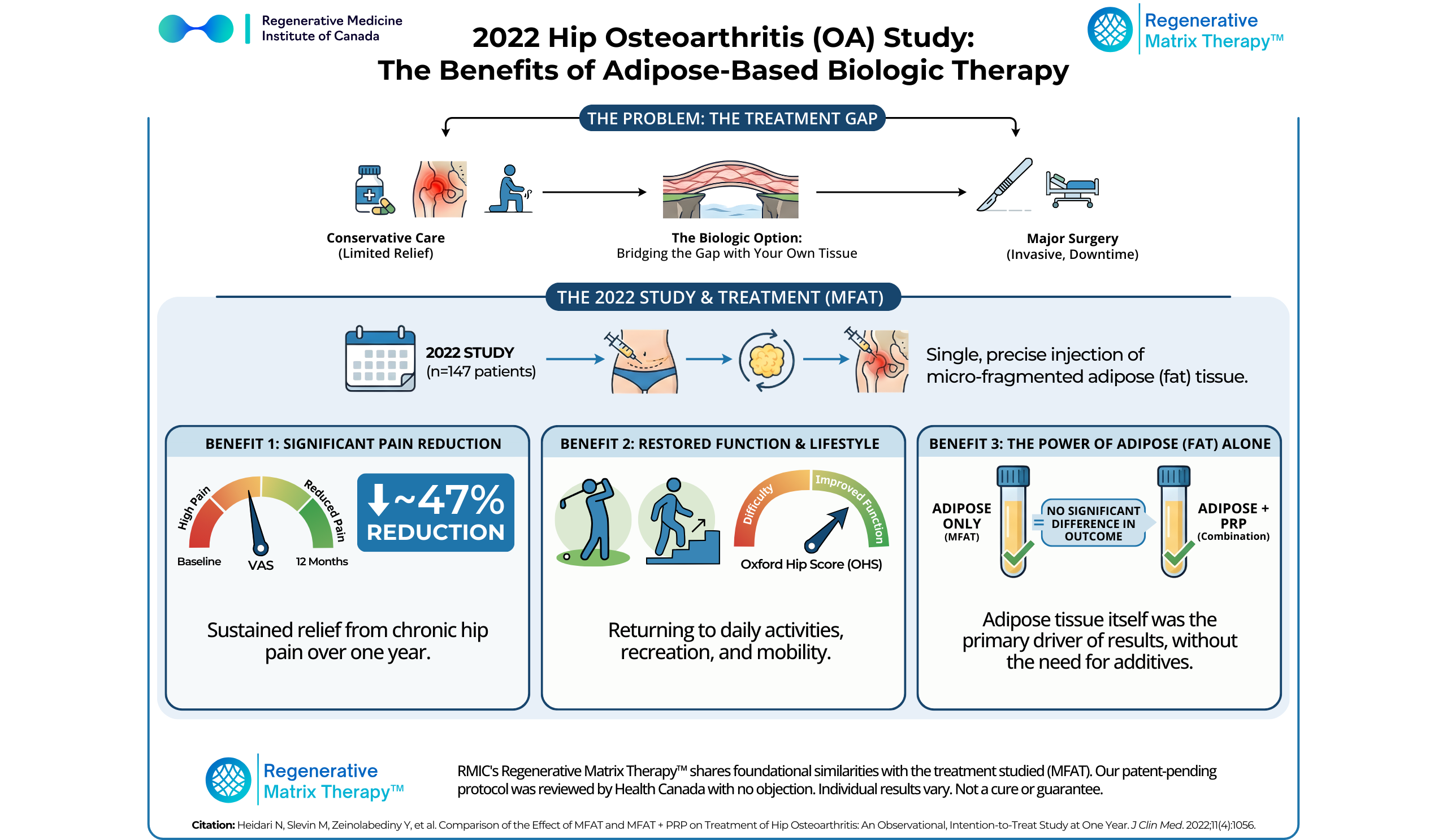 This study examined micro-fragmented adipose tissue (MFAT), a treatment that shares foundational similarities with Regenerative Matrix Therapy™, RMIC’s next-generation adipose-based biologic treatment. Our protocol was reviewed by Health Canada with no objection and is delivered under a physician-led framework focused on safety and patient selection.
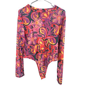 Kilo Brava Long Sleeve Pink Paisley Mesh Bodysuit - Size XXXL (22-24)
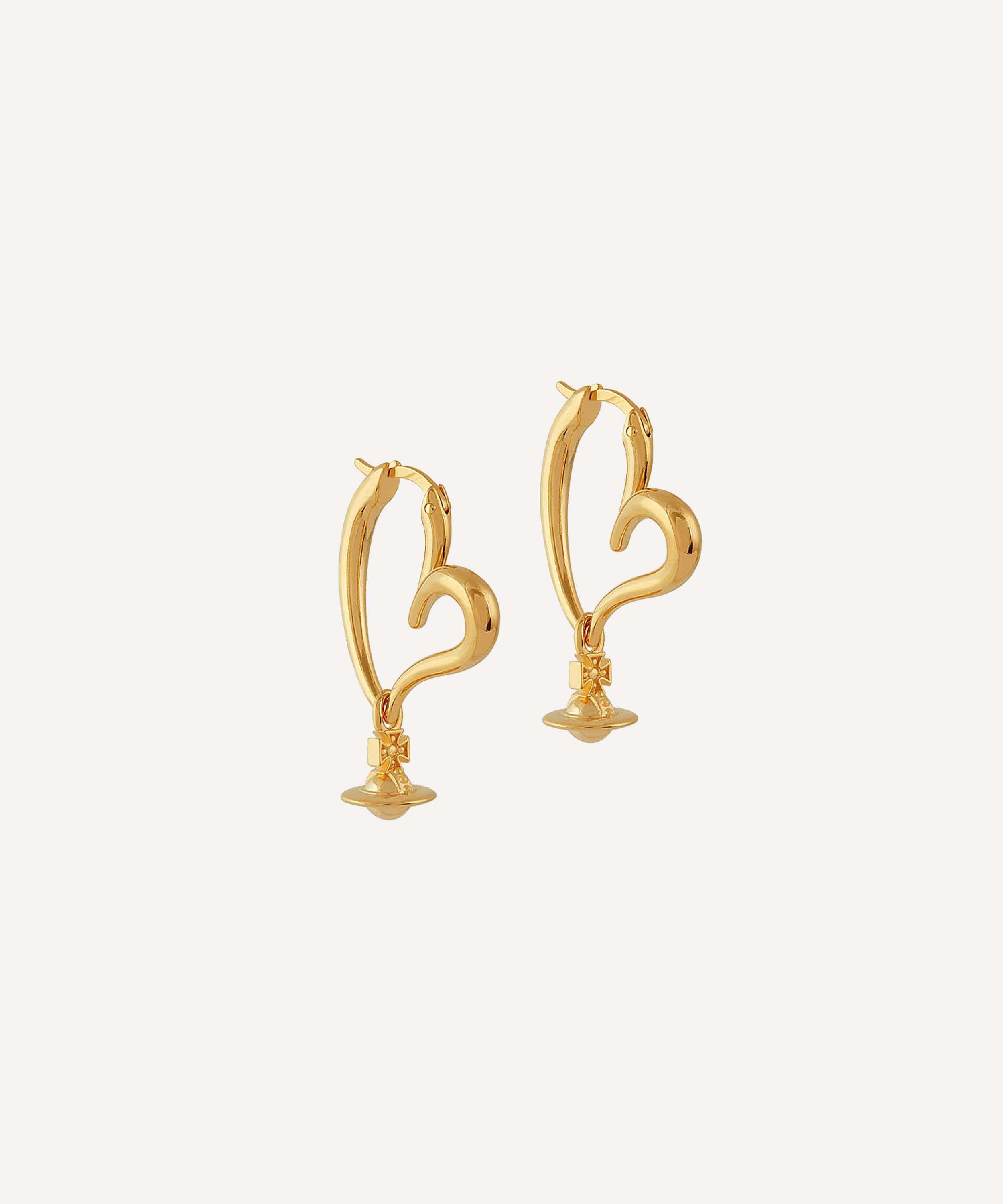 Channelling the brand’s rebellious spirit and individuality, each hoop is crafted from gold-tone brass, featuring a heart-shaped silhouette adorned with the house’s iconic cross-topped orb and saturn ring drop. Wear these statement-making earrings on their own, incorporate them into a stack, or pair with matching pieces from the brand for a co-ordinating look.
########
What this task involves
Pictures stay out of the copy; print the material above exactly.

Written answer
 This study examined micro-fragmented adipose tissue (MFAT), a treatment that shares foundational similarities with Regenerative Matrix Therapy™, RMIC’s next-generation adipose-based biologic treatment. Our protocol was reviewed by Health Canada with no objection and is delivered under a physician-led framework focused on safety and patient selection.
 Kilo Brava Long Sleeve Pink Paisley Mesh Bodysuit - Size XXXL (22-24)
 Channelling the brand’s rebellious spirit and individuality, each hoop is crafted from gold-tone brass, featuring a heart-shaped silhouette adorned with the house’s iconic cross-topped orb and saturn ring drop. Wear these statement-making earrings on their own, incorporate them into a stack, or pair with matching pieces from the brand for a co-ordinating look.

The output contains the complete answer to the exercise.